PROVIDED DATA
--------------------------------

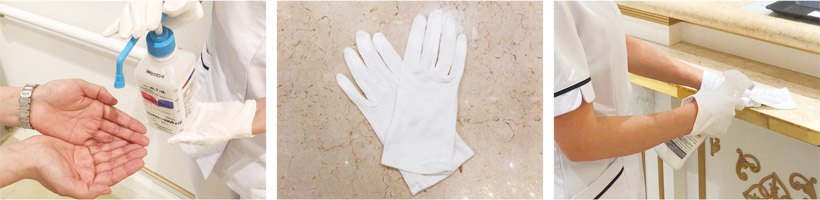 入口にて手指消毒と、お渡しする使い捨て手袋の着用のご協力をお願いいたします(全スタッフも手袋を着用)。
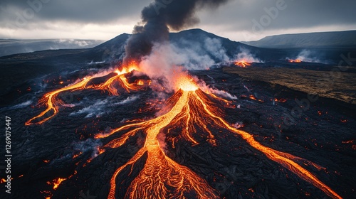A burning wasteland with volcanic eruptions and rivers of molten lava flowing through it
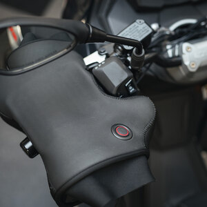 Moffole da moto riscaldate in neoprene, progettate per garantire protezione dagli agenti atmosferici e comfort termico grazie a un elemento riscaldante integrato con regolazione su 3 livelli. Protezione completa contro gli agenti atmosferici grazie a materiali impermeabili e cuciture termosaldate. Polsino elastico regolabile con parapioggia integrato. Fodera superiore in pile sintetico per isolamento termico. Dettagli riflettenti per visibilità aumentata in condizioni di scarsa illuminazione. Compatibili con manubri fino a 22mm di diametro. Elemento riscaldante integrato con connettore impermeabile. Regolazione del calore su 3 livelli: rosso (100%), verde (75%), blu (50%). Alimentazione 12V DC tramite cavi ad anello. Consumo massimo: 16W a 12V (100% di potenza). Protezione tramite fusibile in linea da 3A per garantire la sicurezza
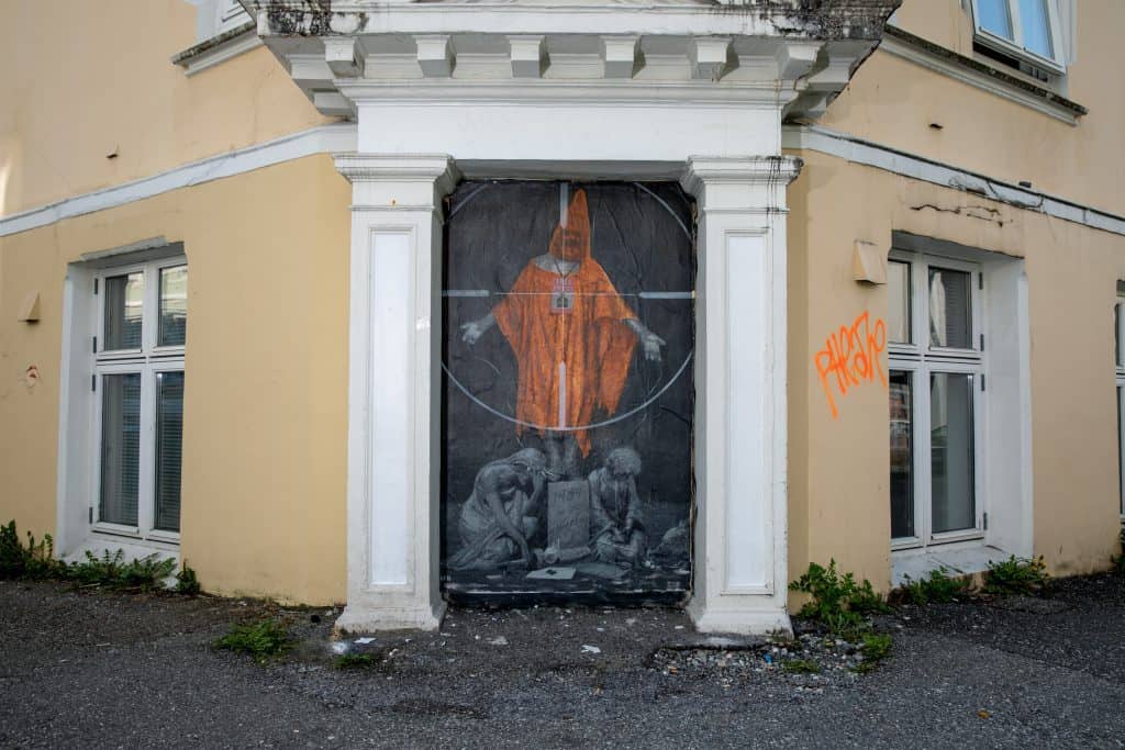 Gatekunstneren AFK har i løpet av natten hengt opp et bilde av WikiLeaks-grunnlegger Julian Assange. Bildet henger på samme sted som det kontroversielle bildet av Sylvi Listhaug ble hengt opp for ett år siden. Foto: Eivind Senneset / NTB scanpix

--------------------------------

PROBLEM DESCRIPTION
Nothing but the lines above, starting at the line that contains "A burning wasteland" and ending at the line that contains "Moffole da moto", should be given again, exactly and without the pictures.

EXERCISE SOLUTION
A burning wasteland with volcanic eruptions and rivers of molten lava flowing through it
 Moffole da moto riscaldate in neoprene, progettate per garantire protezione dagli agenti atmosferici e comfort termico grazie a un elemento riscaldante integrato con regolazione su 3 livelli. Protezione completa contro gli agenti atmosferici grazie a materiali impermeabili e cuciture termosaldate. Polsino elastico regolabile con parapioggia integrato. Fodera superiore in pile sintetico per isolamento termico. Dettagli riflettenti per visibilità aumentata in condizioni di scarsa illuminazione. Compatibili con manubri fino a 22mm di diametro. Elemento riscaldante integrato con connettore impermeabile. Regolazione del calore su 3 livelli: rosso (100%), verde (75%), blu (50%). Alimentazione 12V DC tramite cavi ad anello. Consumo massimo: 16W a 12V (100% di potenza). Protezione tramite fusibile in linea da 3A per garantire la sicurezza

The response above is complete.